Volvió a suspirar con pesadez y apoyó el hierro frío sobre mi pómulo izquierdo.

—El mundo es un lugar feo, muchacho. Y sería menos horrible si cooperas con él.

—Sí, sí, sí—contesté ya acostumbrado y cansado de lo mismo— El mundo es horrible. La vida un asco. El sistema no sirve. Pero ¡Hello! Te tocó vivir en este mundo inservible. Ahora: ¿Qué vas a hacer? ¿Vas a ser un conformista o un revolucionario?

—Oh—Rió el hombre—. Tenemos un joven fuerte de voluntad, entonces.

El hierro ya no estaba frío, se había calentado con mi sangre.

La conciencia casi se escapa de mi cabeza con el decimoquinto golpe, pero la ironía nunca se iba.

—JAJAJAJA—Me reí en su cara mostrando hasta las caries de mis muelas—¡Lanza otro, por favor!

—No puedo creer que pidas golpes—murmuraba el hombre. A ese paso, él se cansaría antes que yo.

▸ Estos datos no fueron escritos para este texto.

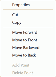 Selecting the Properties menu item will bring up a dialog window in which the characteristics of the selected item(s) can be changed. The Cut and Copy menu items have the usual function. The following four items (Move Forward etc.) affect the order in which the plot objects are displayed. The objects that are most forward are displayed last and thus appear in front of other objects. The Add Point and Delete Point menu items are only active if the selection is a polygon.

—¿Sabes cuántas veces lo intenté? ¡Lo lograrás! ¡Hazlo!

—Estás demente—susurró secándose el sudor con la manga de su camisa transpirada. Luego estiró el brazo y señaló a Diego—¿Acaso quieres que lo mate a él?

Volví a reír.

—¡Mátalo! Mil veces he pasado la muerte, una más no me hará nada ¡Tengo orgullo, cabrón! Te haré sufrir más de lo piensas y tu no podrás ni tocarme ¡Acabaré con la poca cordura que te deja dormir en las noches! ¡El mundo está hecho para matarnos entre nosotros…! Qué el más fuerte sobreviva—susurré y, en un movimiento inesperado, le di un cabezazo en la ingle.